Uma nova decisão judicial renovou as esperanças de Andrea. Por meio de nota, o Tribunal de Justiça de Pernambuco (TJPE), afirmou que atendeu parcialmente a solicitação da Defensoria. Segundo a assessoria do tribunal, “o juízo da 6ª Vara da Fazenda Pública da Capital decidiu, na última quarta-feira (14/08), atender em parte o pedido da Defensoria Pública de Pernambuco para determinar que o Município do Recife, autor da ação, se responsabilize por um plano de realocação seguro, garantindo moradia digna, condições de acessibilidade para Luiz André e acompanhamento das necessidades básicas da família”.
“A desocupação do imóvel foi autorizada desde que a ação fosse realizada com a presença de equipe do Samu para prestar atendimento médico ao senhor Luiz André. E o Município foi intimado para analisar como poderia atender ao pedido de auxílio moradia para a família.
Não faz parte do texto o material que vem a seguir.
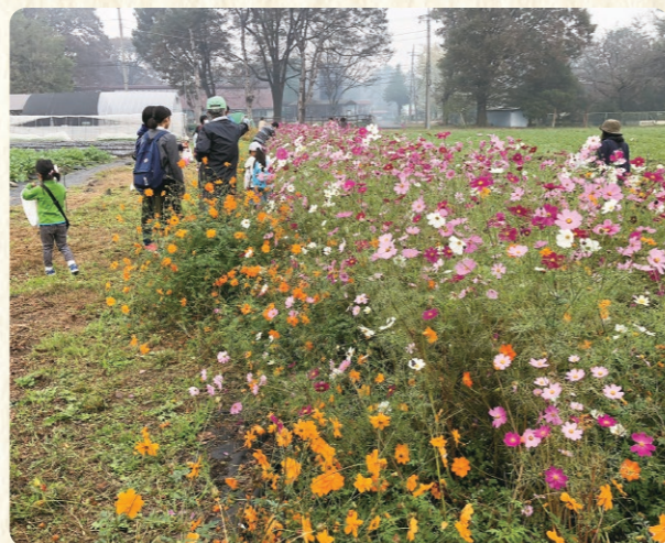
コスモス摘み取り
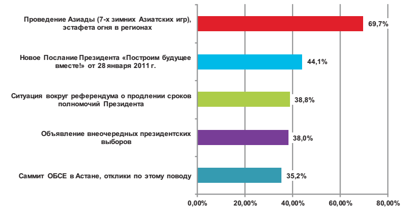
Рис. 1. Распределение ответов респондентов на вопрос: «Какие события, произошедшие в течение 2–3 месяцев, привлекли Ваше наибольшее внимание?»

о чем упомянули почти 93% респондентов, 89% из них назвали ее фактором единения казахстанского общества (табл. 1).
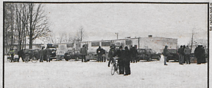
Zima nie sprzyja handlowi na powietrzu, ale pojawiły się już pierwsze stoiska

20 stycznia otwarte zostało w Radzynie Podlaskim targowisko zwierząt. Choć pogoda nie sprzyja handlowi na świeżym powietrzu, pojawili się pierwsi oferenci, nie tylko z Radzyna Podlaskiego, ale również z Łukowa, Parczewa czy Lubartowa z gołębiami i królikami. Handel dużymi zwierzętami w tym miejscu będzie możliwy, gdy wyznaczone zostaną odpowiednie sektory, wybudowane kojce i zamontowane specjalistyczne urządzenia.
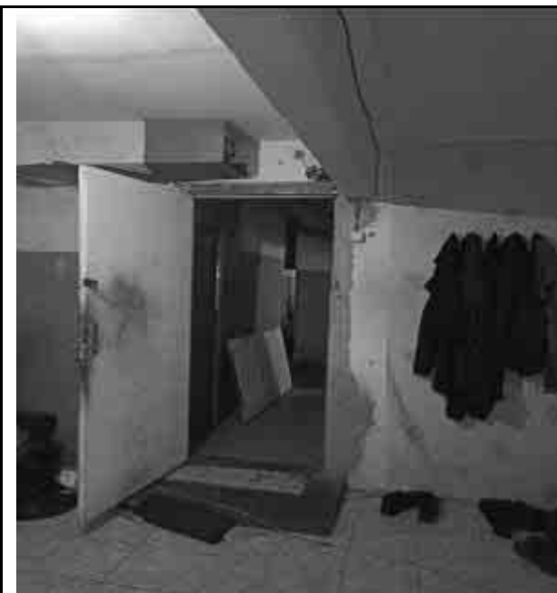
Фото №23 Внутренний вид
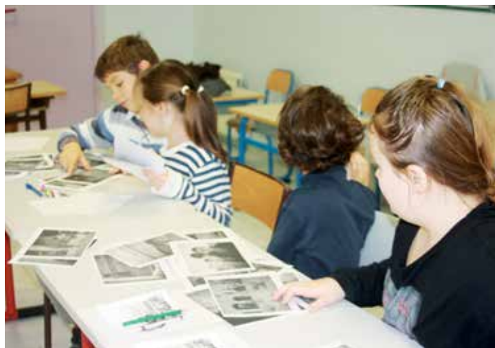
Des ponts entre nous. Cette année, le pays de rencontres est l'Algérie. Les enfants découvrent les photographies de Lola Khalfa, photographe algérienne.
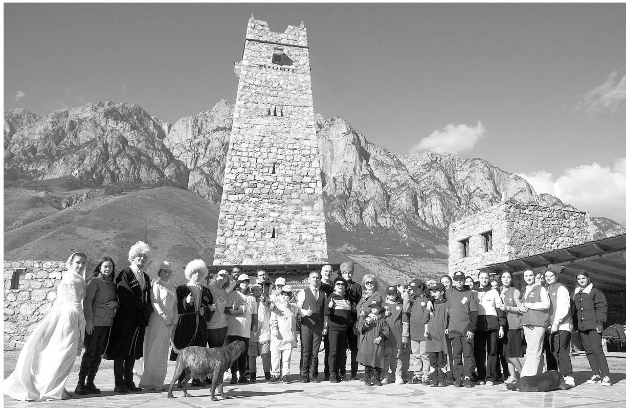
Живописное селение Унал встретило участников фестиваля «Уацамонга» с кавказским гостеприимством.
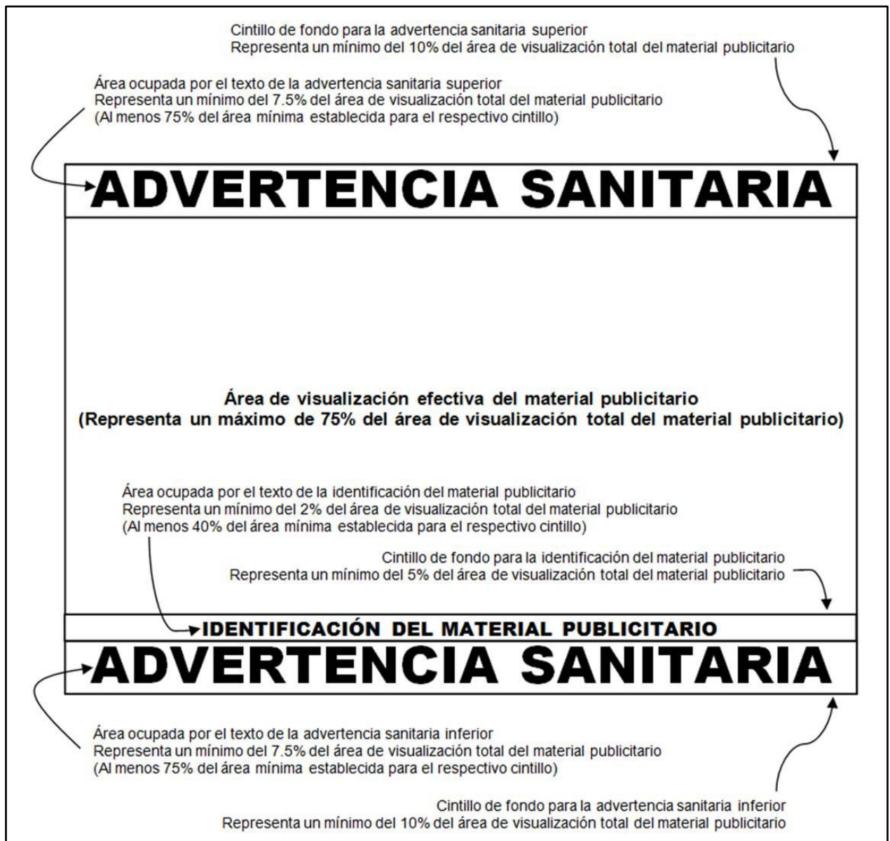
Figura 2. Normas sanitarias para materiales dinámicos.

La figura 2 ilustra lo requerido por esta norma sanitaria, para el caso general de un material publicitario cuya área de visualización corresponda, en su geometría, a un paralelogramo rectángulo:

Em seguida, o magistrado em exercício na 6ª Vara da Fazenda Pública da Capital, juiz Júlio Olney Tenório de Godoy, enfatiza, na mesma decisão assinada no dia 14 de agosto, que a senhora Andréa e o senhor Luiz poderão retornar à residência deles na Rua da União, nº 515, após a demolição do edifício, se houver segurança e garantia de integridade física para a família”, completa.
Já a Prefeitura do Recife se pronunciou dizendo que garantiu desde julho o auxílio moradia, transporte e abrigo aos irmãos Goes. Segundo a gestão, “a principal preocupação da Prefeitura é preservar vidas, evitando um possível desastre e promovendo o bem-estar da coletividade, garantindo também a segurança da moradora. As obras de escoramento precisam ser realizadas com máxima urgência para garantir a segurança dos transeuntes e dos moradores do entorno”.
Andrea reforça que só sai do imóvel com todos juntos, ela, o irmão, os dois cachorros, uma gata idosa e um casal de galinhas. “Eu não vou para abrigo nenhum porque eu tenho meus animais. Se não for pra ficar todo mundo junto numa moradia digna e segura, eu não vou”, afirma.
A propriedade do imóvel é um mistério. Segundo Andrea, a obra foi abandonada e desde então nunca apareceu alguém para reivindicar a propriedade do imóvel. Por isso, a família deu entrada na solicitação do usucapião, que acabou não lhe garantindo a posse do imóvel. Por isso, ela não pode se responsabilizar pelao serviço de demolição.
E mesmo se tivessem, não poderiam arcar com os altos custos que um procedimento de demolição demanda, tendo em vista que a única renda da família é a aposentadoria de Luiz André, que tem questões neurodivergentes. Desta forma, a Prefeitura do Recife irá realizar a obra, mas não descarta a possibilidade de solicitar o ressarcimento no futuro.
A gestão municipal conclui a nota dizendo que “embora a manutenção, recuperação ou demolição do imóvel sejam de responsabilidade dos proprietários, a dificuldade em localizar e obrigar os responsáveis a cumprir suas obrigações levou o município a receber uma ordem judicial para realizar a demolição […] Atualmente, a cidadã ocupa um terreno particular, uma questão que deve ser resolvida pelos proprietários. Ela entrou com um pedido de usucapião em juízo civil em 2012, que não prosperou. No futuro, após a demolição do prédio, a Procuradoria Geral do Município (PGM) poderá buscar o ressarcimento dos custos de demolição junto aos proprietários”.